# EXERCISE BRIEF:
Retype the listing found below exactly, but leave out each picture.

# DATA RECORDS:
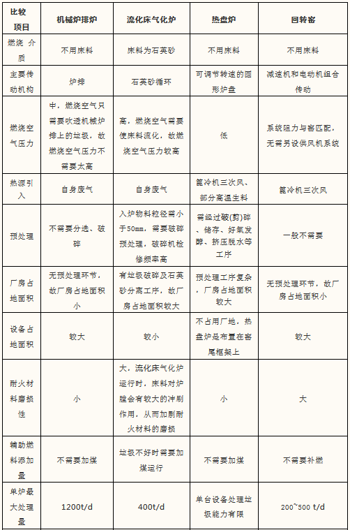 2.2.3 垃圾氣化工藝比較
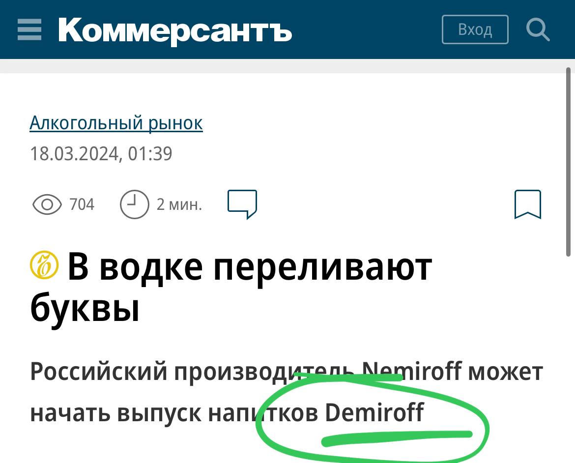«Производитель водки и настойки Nemiroff, после требования владельца бренда в суде отказаться от марки задумались о запуске напитков Demiroff.»
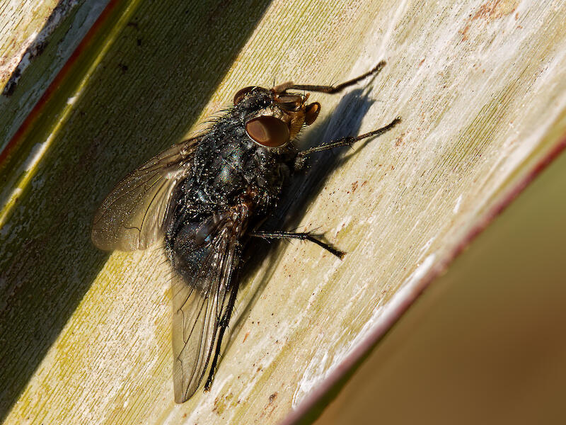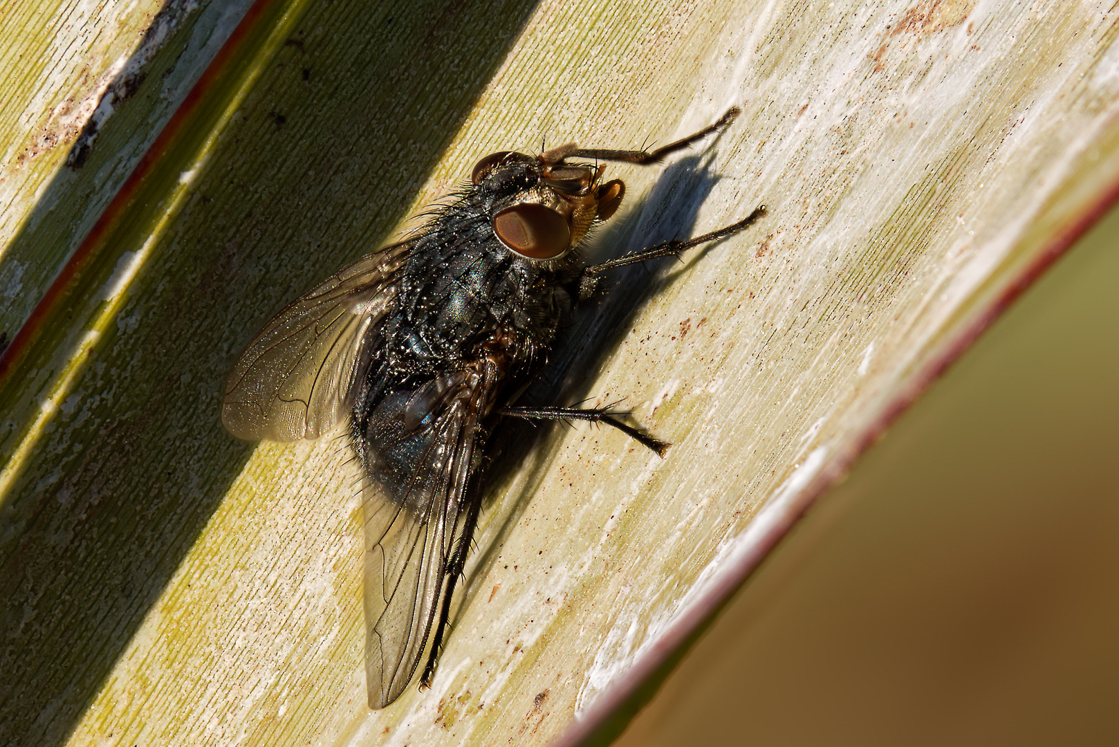 This is a reasonable depiction of the fly. The sharpness is very good. The sunny day has made it difficult to get more detail in the blacks and the leaves are very bright.
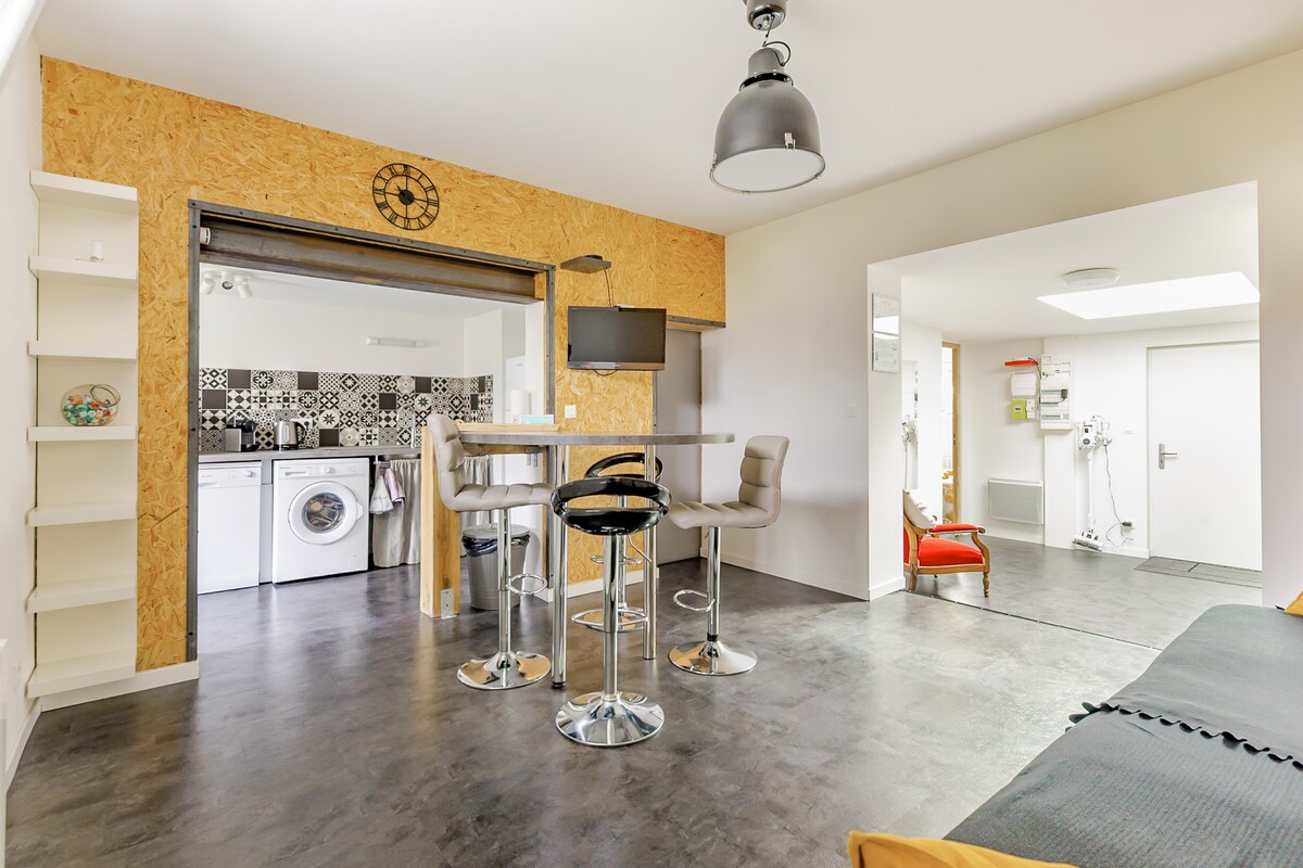 Studio rénové et lumineux, aménagé pour 1 à 2 voyageurs dans un cadre calme et confortable. Idéal pour un week-end en amoureux, un séjour professionnel ou étudiant, à proximité de Rouen, des écoles de Saint-Étienne-du-Rouvray et des centres de formation SNCF Quatre Mare et Promotrans. ⭐ Superhôte expérimenté avec excellente note, ce cocon invite à la détente et au bien-être. 🌿 Profitez d’un jardinet calme avec salon de jardin d’une arrivée autonome et d’un parking gratuit dans la rue.
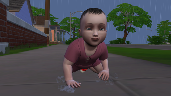 Thanks both of you :) Here is the Alien Infant who never shows their true form and also appears crawling around the world (Thanks to a sims 4 bug) Daisy Moon. Part of the Moon Household. She and her family never show their true form and try to hide it. They want to act more human then Alien. Her Toddler Brother is Conner Moon. Her Other brother aged Child is Davin Moon and her Parents are Olivia and Dan Moon. Daisy and Jack are really good friends too :)
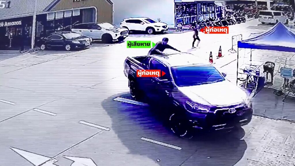 กล้องวงจรปิด ภายในปั๊มน้ำมันในพื้นที่อำเภอบางพลี จังหวัดสมุทรปราการ บันทึกภาพขณะคนร้าย 2 คน สวมเสื้อสีเหลืองและดำ อาศัยจังหวะเผลอ ขับรถกระบะที่มีภรรยาผู้เสียหายท้อง 8 เดือน ออกไป ก่อนที่ตัวผู้เสียหายจะรีบวิ่งออกมาจากร้าน กระโดดขึ้นท้ายกระบะทันที
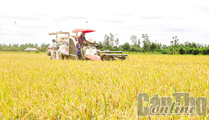 Lúa hè thu được nông dân TP Cần Thơ tập trung thu hoạch, có năng suất cao.
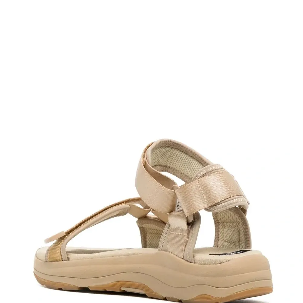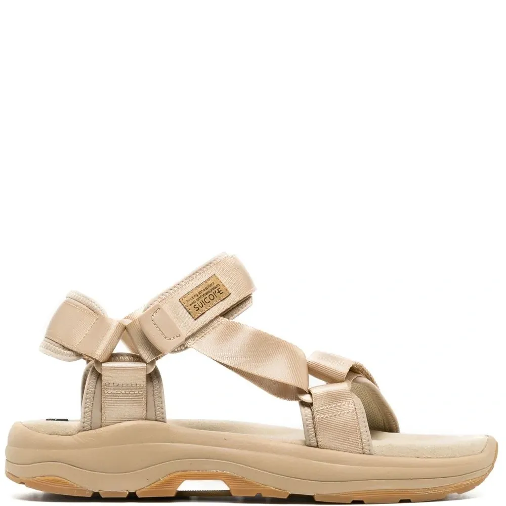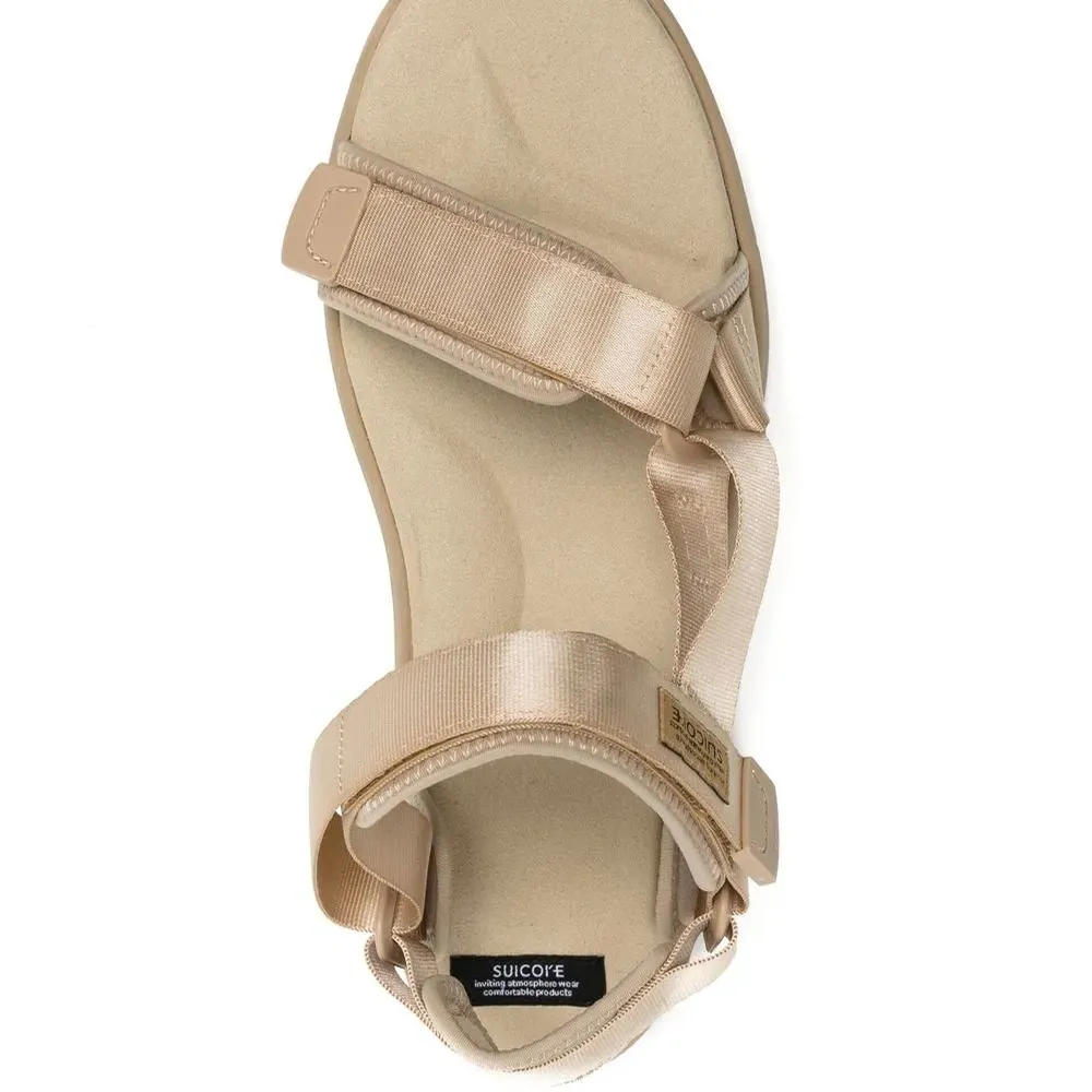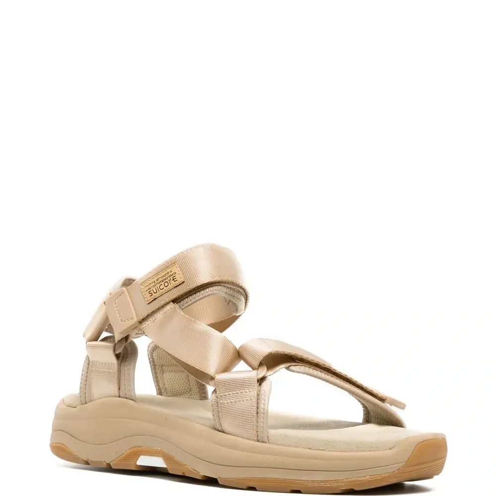 Бежевый, нашивка с логотипом сбоку, застежка на липучке, открытый носок, резиновая подошва и подошва Vibram®.
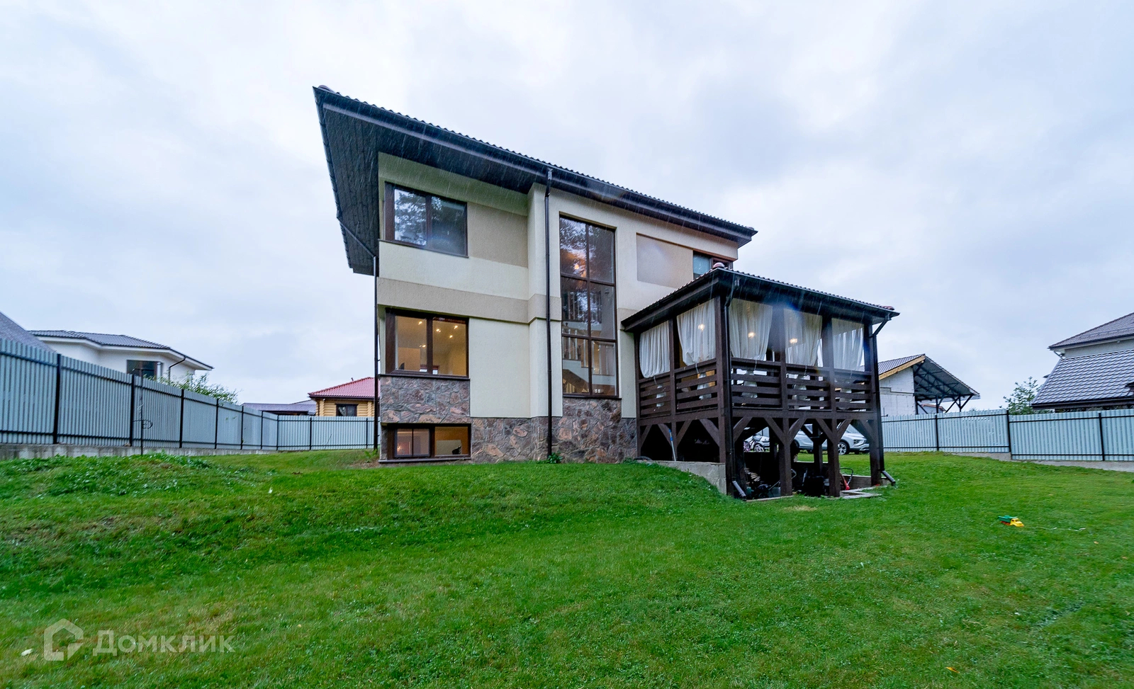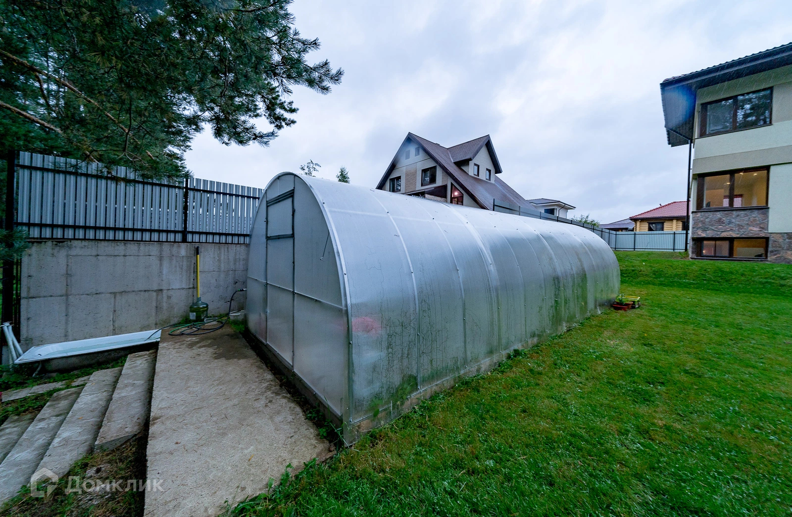 По участку проведен дренаж, по дому водосточка и снегозадержатели. На участке расположен стационарный мангал с печкой, теплица 3*8, бак для полива 1000 литров с системой полива, две оцинкованные грядки. Участок огорожен забором: евроштакетник на бетонной опалубке, распашные ворота.
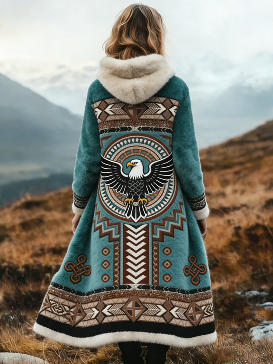 Vintage asteca padrão confortável casaco longo espessado do mulheres

# SOLUTION TO THE PROBLEM:
 2.2.3 垃圾氣化工藝比較
«Производитель водки и настойки Nemiroff, после требования владельца бренда в суде отказаться от марки задумались о запуске напитков Demiroff.»
 This is a reasonable depiction of the fly. The sharpness is very good. The sunny day has made it difficult to get more detail in the blacks and the leaves are very bright.
 Studio rénové et lumineux, aménagé pour 1 à 2 voyageurs dans un cadre calme et confortable. Idéal pour un week-end en amoureux, un séjour professionnel ou étudiant, à proximité de Rouen, des écoles de Saint-Étienne-du-Rouvray et des centres de formation SNCF Quatre Mare et Promotrans. ⭐ Superhôte expérimenté avec excellente note, ce cocon invite à la détente et au bien-être. 🌿 Profitez d’un jardinet calme avec salon de jardin d’une arrivée autonome et d’un parking gratuit dans la rue.
 Thanks both of you :) Here is the Alien Infant who never shows their true form and also appears crawling around the world (Thanks to a sims 4 bug) Daisy Moon. Part of the Moon Household. She and her family never show their true form and try to hide it. They want to act more human then Alien. Her Toddler Brother is Conner Moon. Her Other brother aged Child is Davin Moon and her Parents are Olivia and Dan Moon. Daisy and Jack are really good friends too :)
 กล้องวงจรปิด ภายในปั๊มน้ำมันในพื้นที่อำเภอบางพลี จังหวัดสมุทรปราการ บันทึกภาพขณะคนร้าย 2 คน สวมเสื้อสีเหลืองและดำ อาศัยจังหวะเผลอ ขับรถกระบะที่มีภรรยาผู้เสียหายท้อง 8 เดือน ออกไป ก่อนที่ตัวผู้เสียหายจะรีบวิ่งออกมาจากร้าน กระโดดขึ้นท้ายกระบะทันที
 Lúa hè thu được nông dân TP Cần Thơ tập trung thu hoạch, có năng suất cao.
 Бежевый, нашивка с логотипом сбоку, застежка на липучке, открытый носок, резиновая подошва и подошва Vibram®.
 По участку проведен дренаж, по дому водосточка и снегозадержатели. На участке расположен стационарный мангал с печкой, теплица 3*8, бак для полива 1000 литров с системой полива, две оцинкованные грядки. Участок огорожен забором: евроштакетник на бетонной опалубке, распашные ворота.
 Vintage asteca padrão confortável casaco longo espessado do mulheres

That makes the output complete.